Retour de l’âne. — L’onagre ; comment nous parvenons à nous en rendre maîtres. — La couvée de la poule gélinotte. — Le lin vivace ou phormium. — Le nid du flamant. — Provisions d’hiver : pommes de terre, racines de manioc. — Nous semons un peu de blé. — Instruments aratoires de mon invention. — Les veillées d’hiver. — La lecture. — Le dessin. — Rédaction de mon journal. — Idée que nous inspire un passage de Robinson Crusoé. — Le battoir. — Les cardes.

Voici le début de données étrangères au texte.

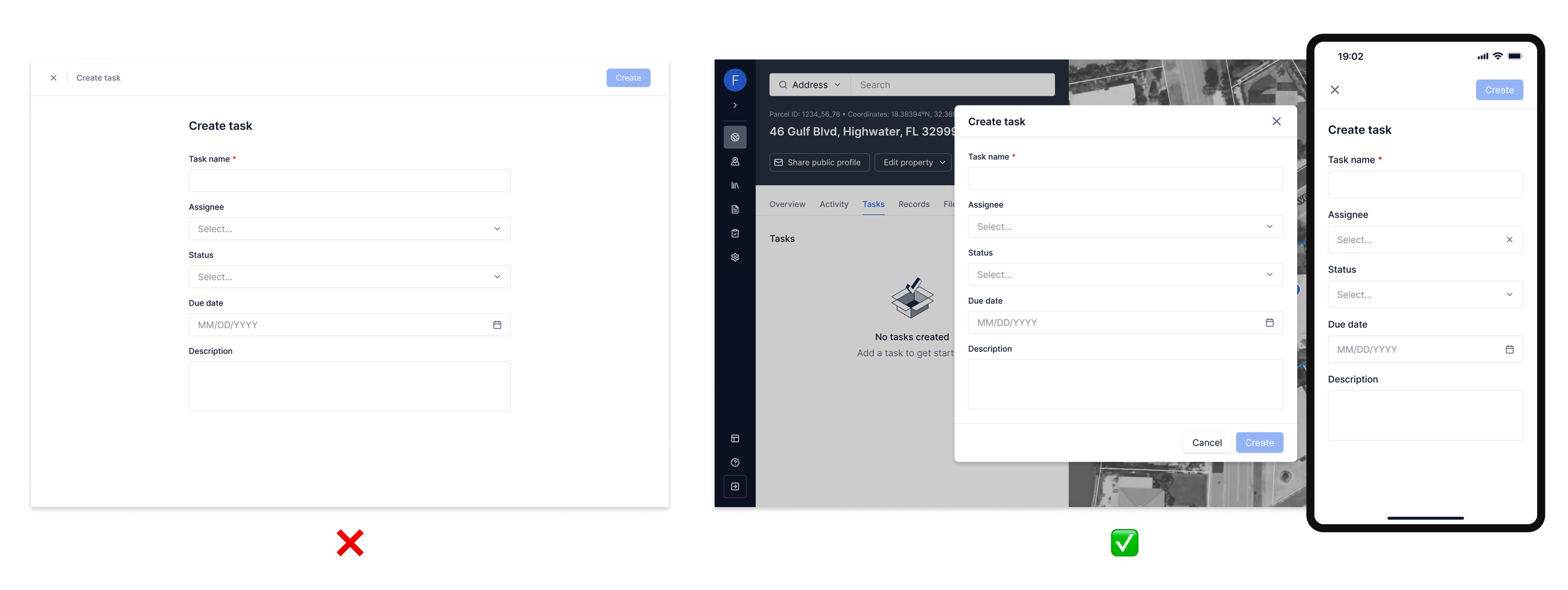 To create a Task , I explored using our existing pattern for full-page forms, but decided on a modal instead to keep users anchored in context. Creating or editing a task is typically a quick, lightweight action, and using a modal reduces cognitive load, allowing users to stay within the property or record they were already viewing.
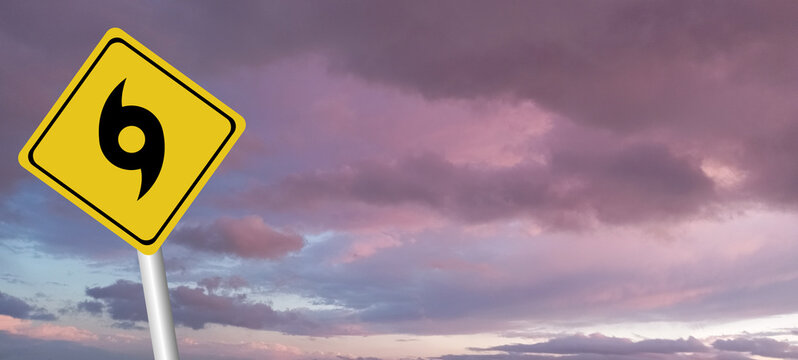 danger,Hurricane Idalia warning sign against a powerful stormy background with copy space. Dirty and angled sign with cyclonic winds add to the drama.hurricane season sign on cloudy background
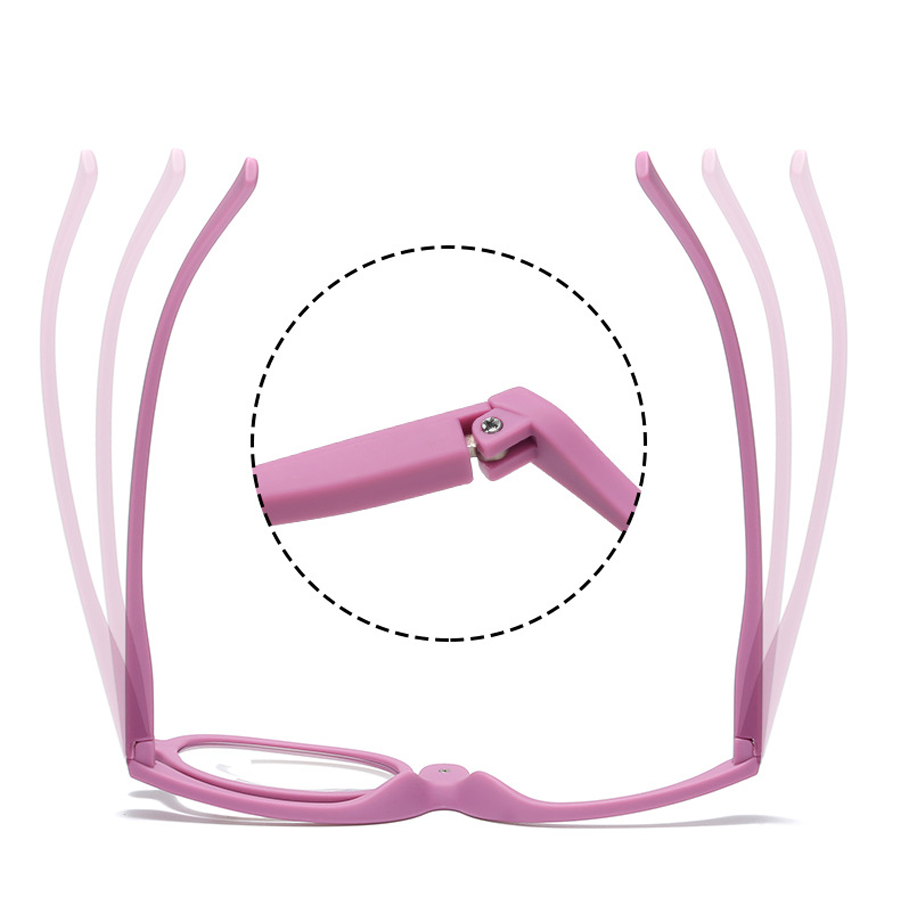 The frames are crafted from a lightweight, flexible plastic, likely TR90 or a similar matte – finished thermoplastic. This material not only provides durability but also offers a non – slip, smooth finish, reducing glare and enhancing comfort during extended wear. The lenses are made of clear, optical – grade plastic or glass, securely attached to the frame, and are explicitly marked with the magnification power. The hinges are metal with visible screws, ensuring sturdy and adjustable arm connections.

Un matin, nous venions de nous lever, lorsque nous entendîmes au loin des cris singuliers assez semblables à des hurlements de bêtes féroces affamées qui rôdent autour d’un bercail ; j’étais inquiet et nos chiens paraissaient aussi l’être, car ils aiguisaient leurs dents comme pour un combat meurtrier et dressaient leurs oreilles comme pour écouter.

Je crus prudent de nous tenir sur nos gardes, prêts à tout événement : les pistolets et les fusils furent chargés ; je mis aux dogues leurs colliers à clous et leurs cottes d’armes de porc-épic ; je descendis pour rassembler le bétail. Remonté dans l’arbre, je regardai de tous côtés, cherchant à découvrir l’ennemi. Mes fils faisaient différentes suppositions. Jack désirait que ces animaux fussent des bons ; Fritz croyait avoir reconnu le cri plaintif du chacal ; Ernest déclarait que c’étaient des hyènes ; François disait : « Je crains bien que ce ne soient des sauvages venus dans l’île pour dévorer les prisonniers. Tâchons de les tuer pour avoir un bon Vendredi, comme celui de Robinson Crusoé. »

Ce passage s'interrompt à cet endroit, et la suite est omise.